(Extracted records)
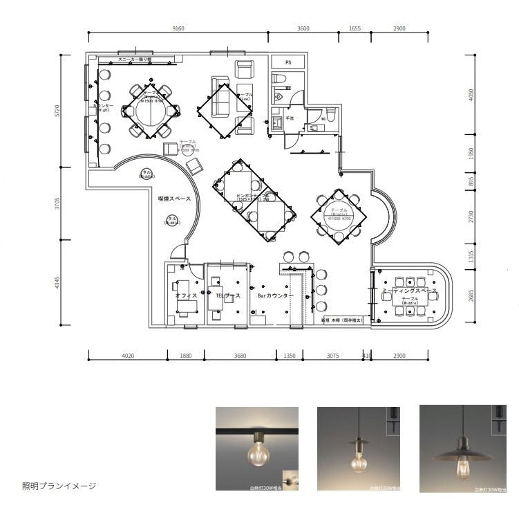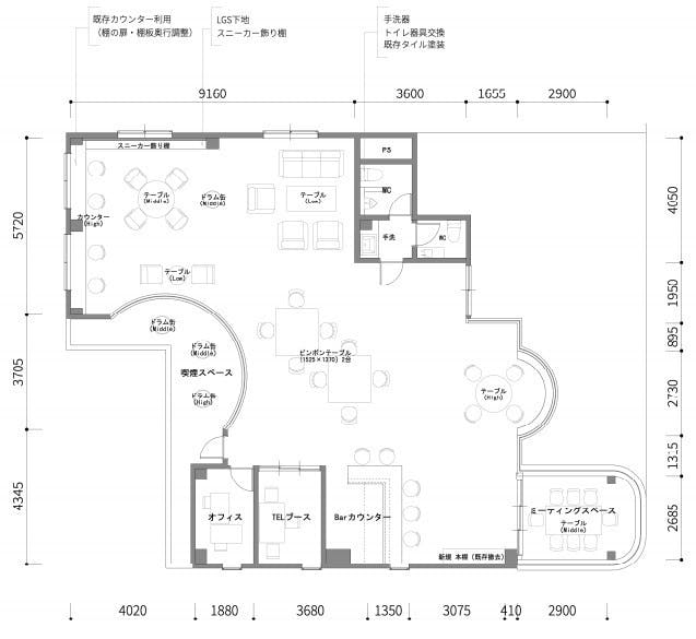 なので、テーブル席でもドラム型テーブルやピンポンテーブル、カウンターテーブル等色々な種類を取り揃えたいと考えています。また、ミーティングルームや撮影ブース、電話ブースも設けたいと考えています。スニーカーも飾っちゃいます!!
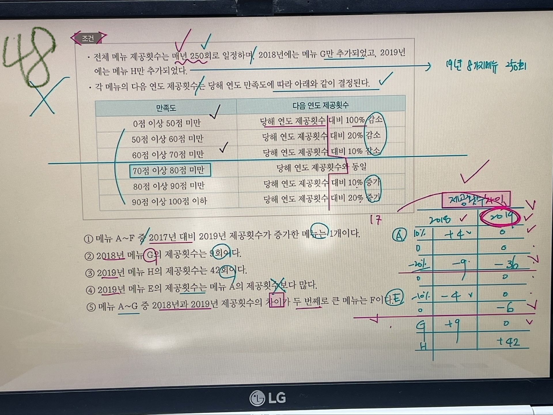 그리고 자료해석 파트도 마찬가지로, 고등학교 이후로 수학을 접해보지도 못한 문과생으로서 진짜 아무리 교재가 잘 돼있어도 이해하기 힘든 부분이 있었는데 강의에서 차근차근 잘 설명해주셔서 정말 도움 많이 받았습니다.
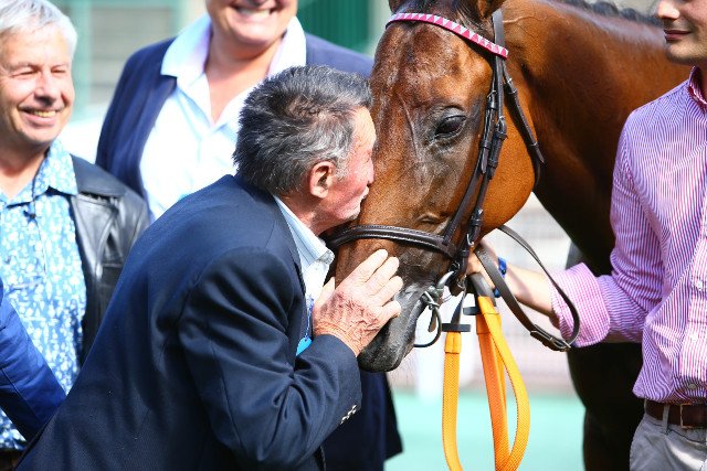 Doctor Fontenaille (Doctor Dino) ouvre son palmarès en haies, à la plus grande joie de son éleveur et ancien entraîneur-propriétaire, Serge Menand, qui l'embrasse tendrement.
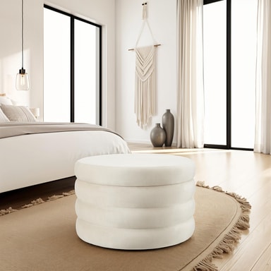 Sittpuffen med förvaring är tillverkad av en solid MDF-skiva och utmärker sig med sin höga stabilitet och belastningskapacitet. Puffens undersida är försedd med skonsamma och halkfria möbeltassar som säkerställer en hög stabilitet på alla golv.
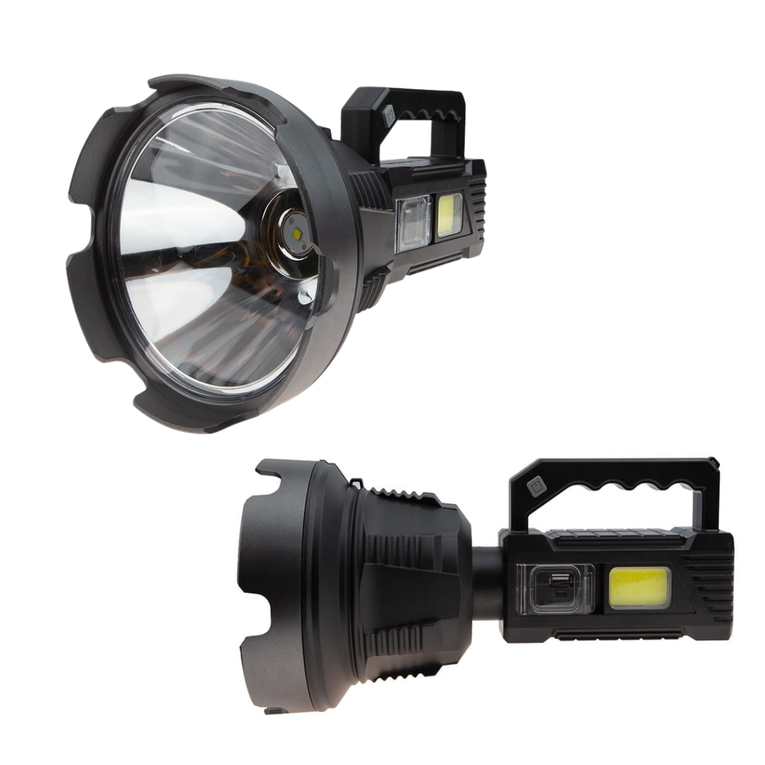 The COBA CB-T300 is a durable, large handheld flashlight equipped with a CREE XHP90 diode offering up to 100,000 hours of lifespan and dazzling brightness. It features two light sources: a powerful spot beam for long-range visibility and a COB side panel for softer lighting. With multiple lighting modes (100%, 50%, Strobe, and Red Signal), a built-in powerbank, and up to 6 hours runtime, this flashlight is perfect for home, camping, hiking, fishing, or workshop use.
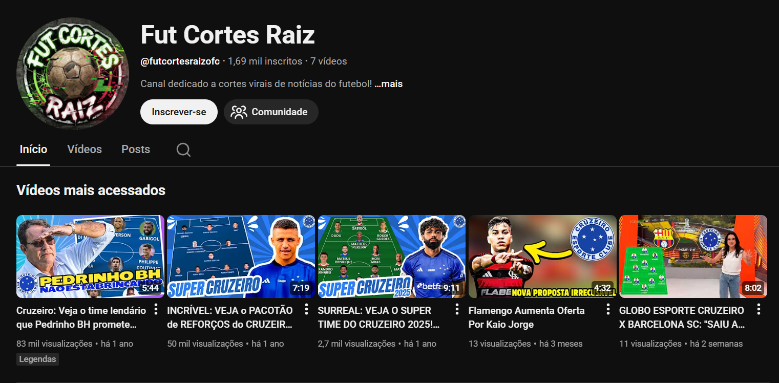 - Link da Conta: https://www.youtube.com/@futcortesraizofc
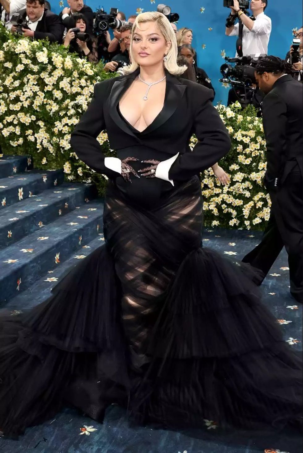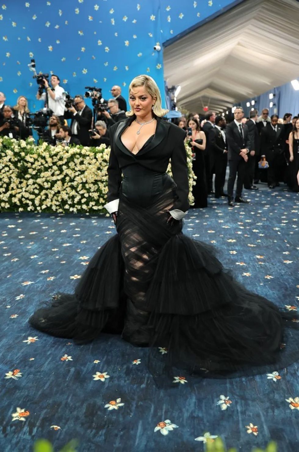 Për natën më të madhe të modës, këngëtarja 35-vjeçare zgjodhi një xhaketë të zezë të prerë me kujdes dhe një fund të gjatë prej tyli, që krijuan një kombinim të fuqishëm mes finesës dhe dramës.

## Task prompt
What you return must match the lines from the top of the data through the line with "Sittpuffen med förvaring" exactly, with the pictures removed.

## The completed task
 なので、テーブル席でもドラム型テーブルやピンポンテーブル、カウンターテーブル等色々な種類を取り揃えたいと考えています。また、ミーティングルームや撮影ブース、電話ブースも設けたいと考えています。スニーカーも飾っちゃいます!!
 그리고 자료해석 파트도 마찬가지로, 고등학교 이후로 수학을 접해보지도 못한 문과생으로서 진짜 아무리 교재가 잘 돼있어도 이해하기 힘든 부분이 있었는데 강의에서 차근차근 잘 설명해주셔서 정말 도움 많이 받았습니다.
 Doctor Fontenaille (Doctor Dino) ouvre son palmarès en haies, à la plus grande joie de son éleveur et ancien entraîneur-propriétaire, Serge Menand, qui l'embrasse tendrement.
 Sittpuffen med förvaring är tillverkad av en solid MDF-skiva och utmärker sig med sin höga stabilitet och belastningskapacitet. Puffens undersida är försedd med skonsamma och halkfria möbeltassar som säkerställer en hög stabilitet på alla golv.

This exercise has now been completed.